Class NewsPreprocessor

java.lang.Object
org.tribuo.data.text.impl.NewsPreprocessor
All Implemented Interfaces:
com.oracle.labs.mlrg.olcut.config.Configurable, com.oracle.labs.mlrg.olcut.provenance.Provenancable<com.oracle.labs.mlrg.olcut.provenance.ConfiguredObjectProvenance>, DocumentPreprocessor

public class NewsPreprocessor extends Object implements DocumentPreprocessor
A document pre-processor for 20 newsgroup data. This processor will take a news group message in a string and reduce it to the subject of the message and the body of the message. It deals with a variety of weird conditions (e.g., no headers, can't find subject, etc.)
  • Constructor Details

    • NewsPreprocessor

      public NewsPreprocessor()
      Constructor.
  • Method Details

    • processDoc

      public String processDoc(String doc)
      Description copied from interface: DocumentPreprocessor
      Processes the content of part of a document stored as a string, returning a new string.
      Specified by:
      processDoc in interface DocumentPreprocessor
      Parameters:
      doc - the document to process
      Returns:
      the processed string.
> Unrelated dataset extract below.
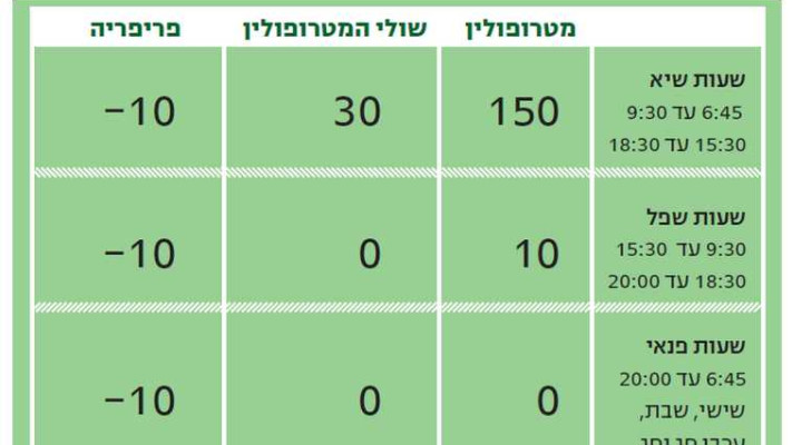 לצורך הניסוי הוגדרו שעות שיא (6:45־9:30 ו־15:30־18:30), שעות שפל (9:30־15:30 ו־20:00-18:30) ושעות פנאי (20:00־6:45 וכן סופי שבוע וערבי

Note that the return value may be null, in which case the resulting string will be ignored.
    • getProvenance

      public com.oracle.labs.mlrg.olcut.provenance.ConfiguredObjectProvenance getProvenance()
      Specified by:
      getProvenance in interface com.oracle.labs.mlrg.olcut.provenance.Provenancable<com.oracle.labs.mlrg.olcut.provenance.ConfiguredObjectProvenance>